Step 1: configure notebook and load data

content


In [6]:
import sys
import numpy as np
import matplotlib

import mutils.io as mio
import mutils.misc as mi

c = mio.saveable() # config workspace
c.beta  = 5
c.beta_doc = 'beta angle of legs (in deg., 5 and 10 are available)'

c.point = 'B'
c.point_doc = 'which point of Geyers solutions (A,B,C)'

c.background_only = False
c.background_only_doc = 'display only background, no additional information'

c.display()

#dat1 = mio.mload('bslip_results/' + c.point + '_sols5_new.list')
#dat2 = mio.mload('bslip_results/' + c.point + '_sols10_new.list')
# dat is a list. each element is a list of the following 4 items:
#   + initial conditions (array)
#   + parameters: k1, k2, alpha1, alpha2, beta1, beta2, l1, l2 
#   + walking radius 
#   + eigenvalues of periodic solution (note: 2-step periodic!)

Step 2: plot "type-1" solutions: delta-k, delta-alpha plane

These solutions have k1 = k + $\Delta$k, k2 = k - $\Delta$k, and $\alpha_1 = \alpha + \Delta \alpha$, $\alpha_2 = \alpha - \Delta \alpha$

content
That is, we should visualize them as $\Delta k - \Delta \alpha$ - plots.

first step: load and order data


In [2]:
dat1 = mio.mload('bslip_results/' + c.point + '_sols5_new.list')
dat2 = mio.mload('bslip_results/' + c.point + '_sols10_new.list')

# compute range of axes
dk = array([x[1][0] - x[1][1] for x in dat1])
da = array([x[1][2] - x[1][3] for x in dat1])

nk1 = len(set(dk)) # number of different dk's
na1 = len(set(da)) # number of different da's

ax_a1 = linspace(min(da), max(da), na1)
ax_k1 = linspace(min(dk), max(dk), nk1)

# delta_k
dk = array([x[1][0] - x[1][1] for x in dat2])
da = array([x[1][2] - x[1][3] for x in dat2])

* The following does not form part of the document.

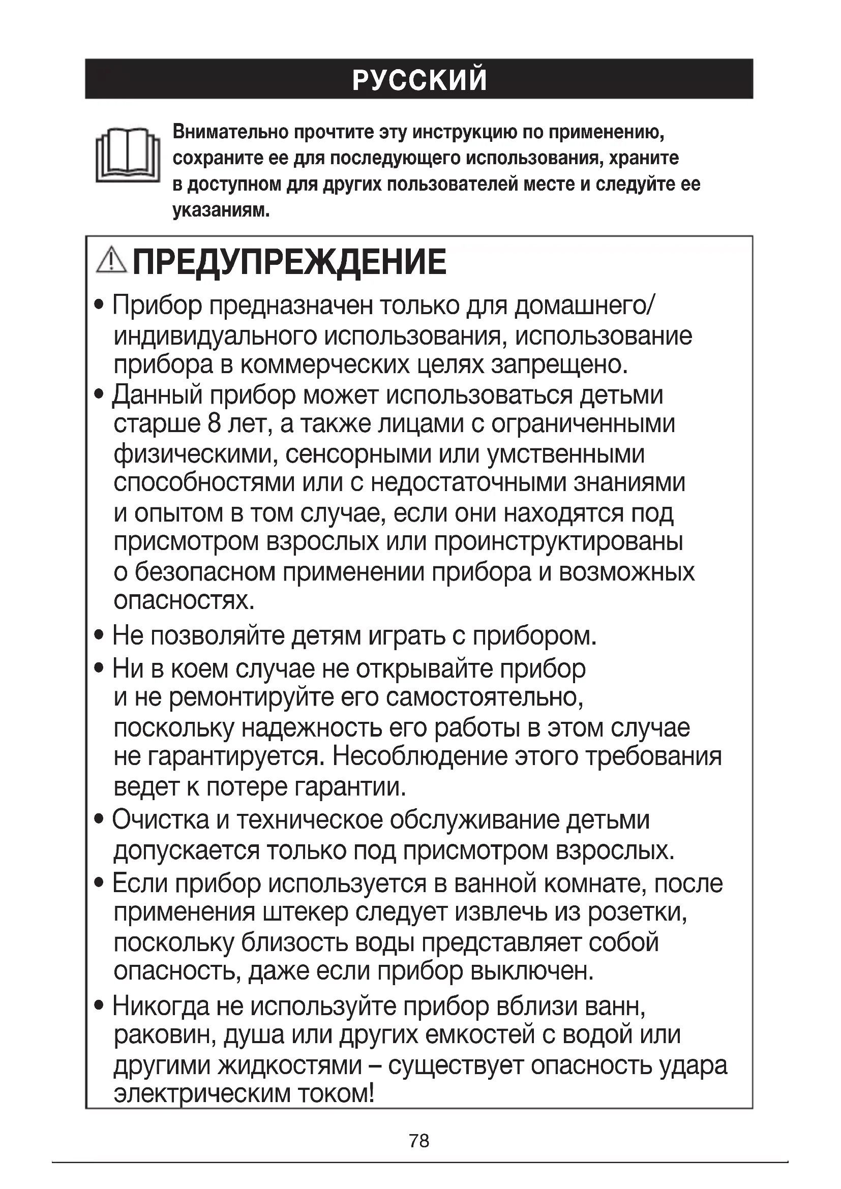 Прибор не должен использоваться вблизи воды или вводе (например, враковине, душе, ванне) — опасность удара током! ПРЕДУПРЕЖДЕНИЕ Предупреждает обопасности травмирования или нанесения вреда здоровью

nk2 = len(set(dk)) # number of different dk's
na2 = len(set(da)) # number of different da's

ax_a2= linspace(min(da), max(da), na2)
ax_k2 = linspace(min(dk), max(dk), nk2)

print "re-ordering data into grid:"
n = 0
data1 = nan*zeros((nk1, na1))
print "ws1:"
for elem in dat1:
    # compute index
    dk = elem[1][0] - elem[1][1]
    da = elem[1][2] - elem[1][3]
    idx_a = argmin(abs(ax_a1 - da))
    idx_k = argmin(abs(ax_k1 - dk))
    data1[idx_k, idx_a] = elem[2]
    n+=1
    if n >= 500:       
        sys.stdout.write('.')        
        n=0
    
print "done"

n = 0
data2 = nan*zeros((nk2, na2))
print "ws2:"
for elem in dat2:
    # compute index
    dk = elem[1][0] - elem[1][1]
    da = elem[1][2] - elem[1][3]
    idx_a = argmin(abs(ax_a2 - da))
    idx_k = argmin(abs(ax_k2 - dk))
    data2[idx_k, idx_a] = elem[2]
    n+=1
    if n >= 500:       
        sys.stdout.write('.')        
        n=0
    
print "done"


re-ordering data into grid:
ws1:
.......done
ws2:
......done

second: create graphs


In [7]:
colorlim = [-200,200]
if c.point in 'AB':
    myxlim=[-5,0]
    myylim=[-20,20]
else:
    myxlim=[-12,0]
    myylim=[-2,2]
    
cmap = matplotlib.cm.Spectral
cmap.set_bad('w',1.)

if c.point=='A':
    levels = [-200,-100,-50,-20,-10,10,20,50,100,200]
    fig = figure(figsize=(10,6))
elif c.point=='B':
    levels = [-100,-20,-10,10,20,100]
    fig = figure(figsize=(5.5,4))    
else:
    levels = [-150,-50,-20,-10,10,20,50,150]
    fig = figure(figsize=(5.5,4))


#--------------------- general frame plot for common title etc.
#
ax0 = fig.add_subplot(1,1,1,frameon=False)
ax0.set_xticks([])
ax0.set_yticks([])


#--------------------- first plot
ax1 = fig.add_subplot(1,2,1)
masked_array1 = ma.array (data1.T, mask=np.isnan(data1.T))
pcl1 = ax1.pcolor(ax_k1 / 1000., ax_a1 * 180 / pi, masked_array1, cmap=cmap)
pcl1.set_clim(colorlim)
if not c.background_only:
    masked_array1ct = ma.array (data1.T, mask=abs(data1.T)>max(abs(array(colorlim)))*1.2)
    ct1 = ax1.contour(ax_k1 / 1000., ax_a1 * 180/pi, masked_array1ct, levels, linestyles='-',
                      colors='k', )
    clabel(ct1, ct1.levels, inline=True, fmt='%.0f', fontsize=10)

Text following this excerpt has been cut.